■ Work instructions:
The answer is to be the lines below that lie between the line holding "and self-protection ability." and the line holding "Current drought situation", inclusive, transcribed exactly and free of pictures.

Records from a data collection:
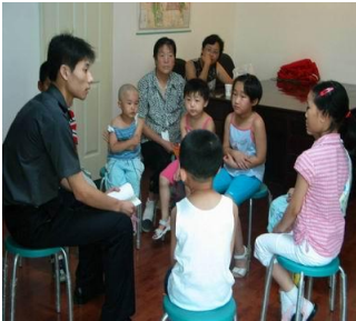
A policeman was teaching children ways of self protection

✓ Make use of the social resources and organize various social activities increase children's security awareness and self-protection ability.
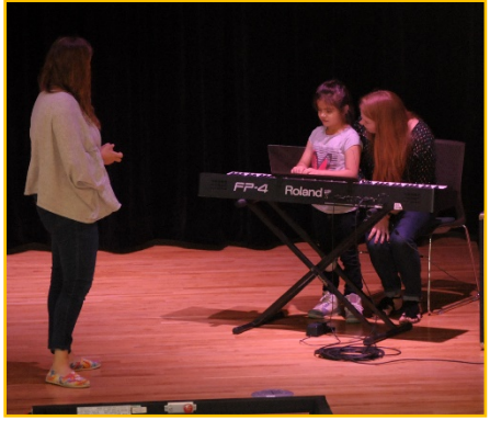
Rehearsals have begun for the Talent Show!
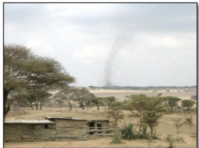
Current drought situation

Many of you are aware of the current famine which has gripped parts of East Africa and especially Northern Kenya where over 3 million people are facing starvation.. Relief efforts are underway to get much needed aid to those who need it most. This past month, a “Kenyans for Kenya” campaign was launched in which almost 1 million dollars was raised and pledged by ordinary Kenyans to help solve their own problem. This was such a turn around for a nation that has been so dependant on foreign aid. It has created a ripple of hope in the nation. Last week, following a terrible disaster in which 100's of people were burnt alive and many more still missing in an inferno caused by a leaking fuel pipe that ran through an overcrowded slum in Nairobi, the government has responded promptly with many corporations donating medical supplies and blankets and temporary shelter for the victims. With a new constitution now in place, there are drastic shifts in government structures and we believe that this will not only create an avenue for change in the government, but provide an avenue for change in the hearts of the people as the gospel goes out. Current debate is underway as to when the next hotly contested elections will take place. We covet your prayers as we declare peace over the nation leading up to this election.
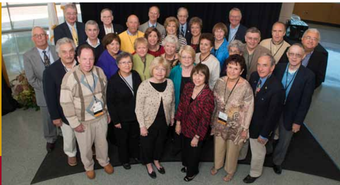
Members of the Class of 1962 inducted into the Loyal Guard

Reunion is scheduled for October 11-13, 2013 during Bryant's celebration of its 150th year as an institution!
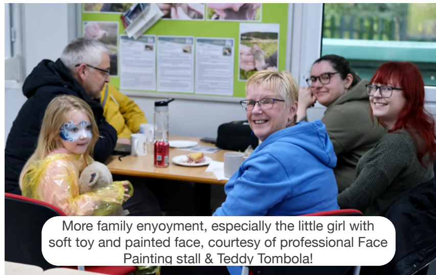
More family enjoyment, especially the little girl with soft toy and painted face, courtesy of professional Face Painting stall & Teddy Tombola!
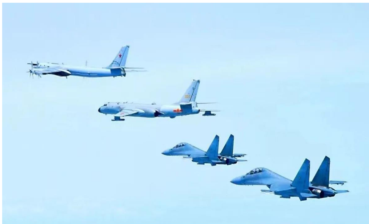
Chinese and Russian aircraft exercise together in the Sea of Japan, May 24, 2022.

The aftermath of the Pelosi visit included China publishing its third white paper on Taiwan on August 10. Titled "The Taiwan Question and China's Reunification in the New Era" 25 , the paper follows "The Taiwan Question and Reunification of China" published in August 1993 26 and "The One-China Principle and the Taiwan Issue" published in February 2000 27 . It is intended to demonstrate the resolve of the Communist Party of China (CPC), reiterate that Taiwan is a part of China and re-emphasise the CPC's position and policies.
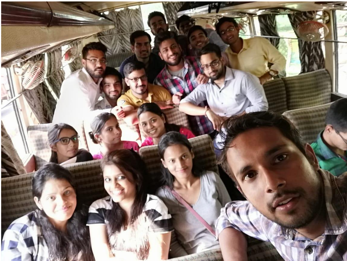
Students traveling for Field Visit to the Sewage treatment plant at Jajmau/Bingawan on
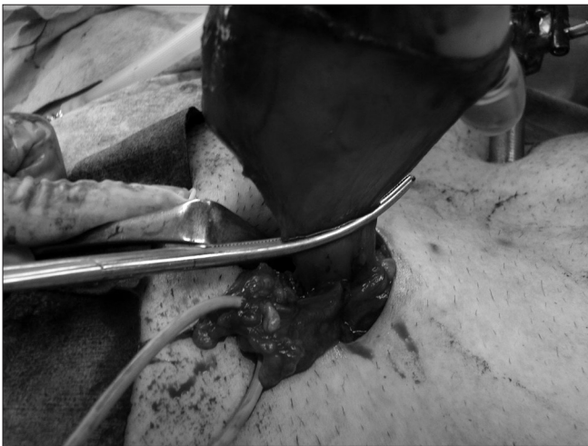
Figure 3: After the hernia sac was clamped with Kelly forceps, pneumoperitoneum was re-established
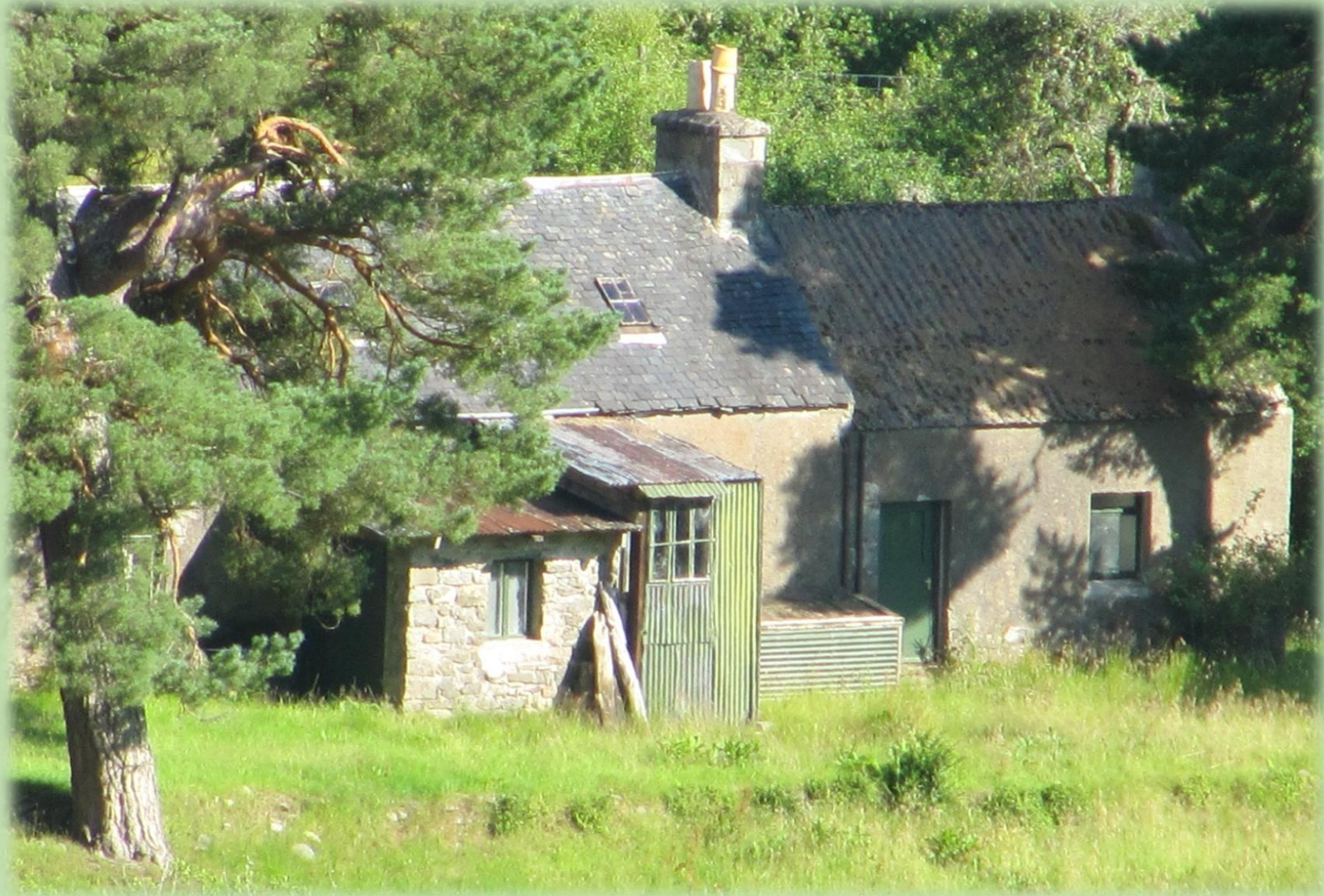
House at Cranachan – home of 5 ‘wonderful, eccentric Highlanders’
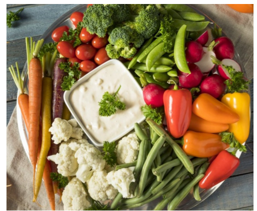
Crudites Platter (v) assorted raw veggies + dip
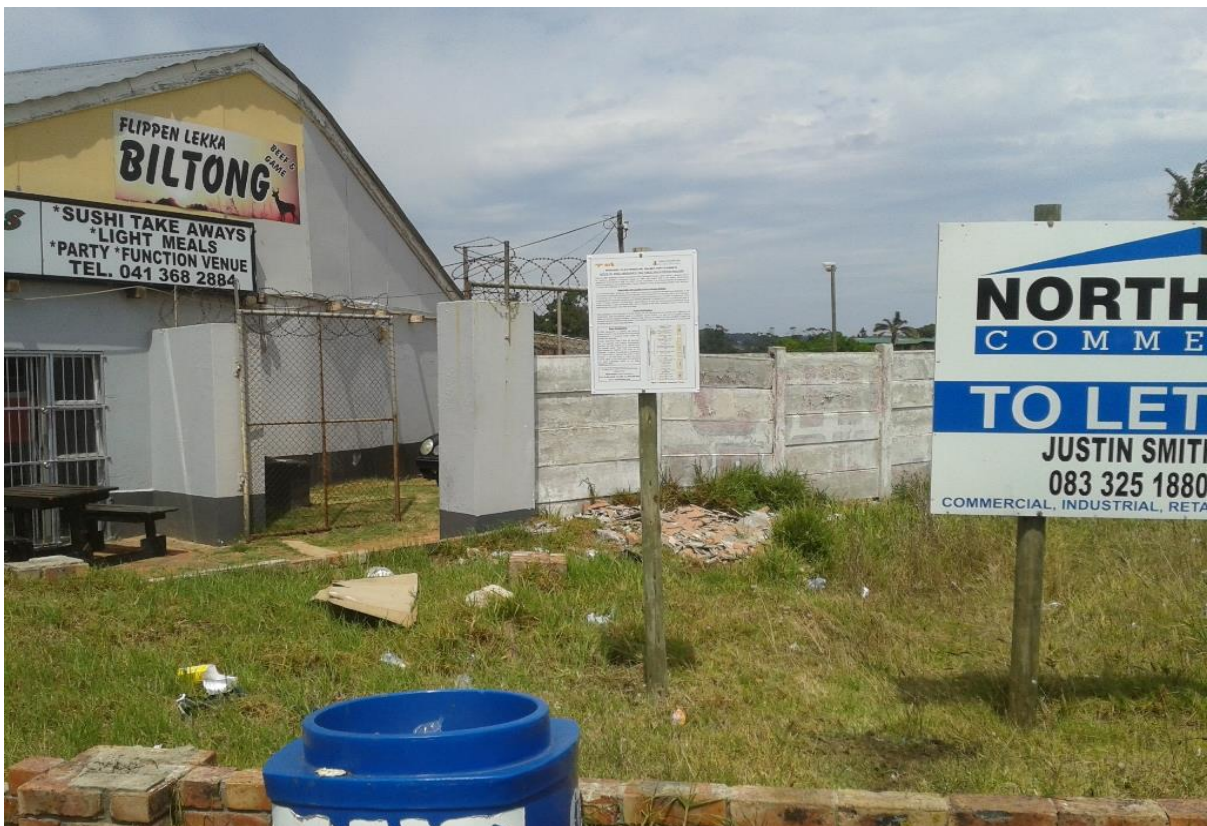
On-site poster placed next to business node in Circular Drive, Lorraine

■ Result of this exercise:
✓ Make use of the social resources and organize various social activities increase children's security awareness and self-protection ability.
Rehearsals have begun for the Talent Show!
Current drought situation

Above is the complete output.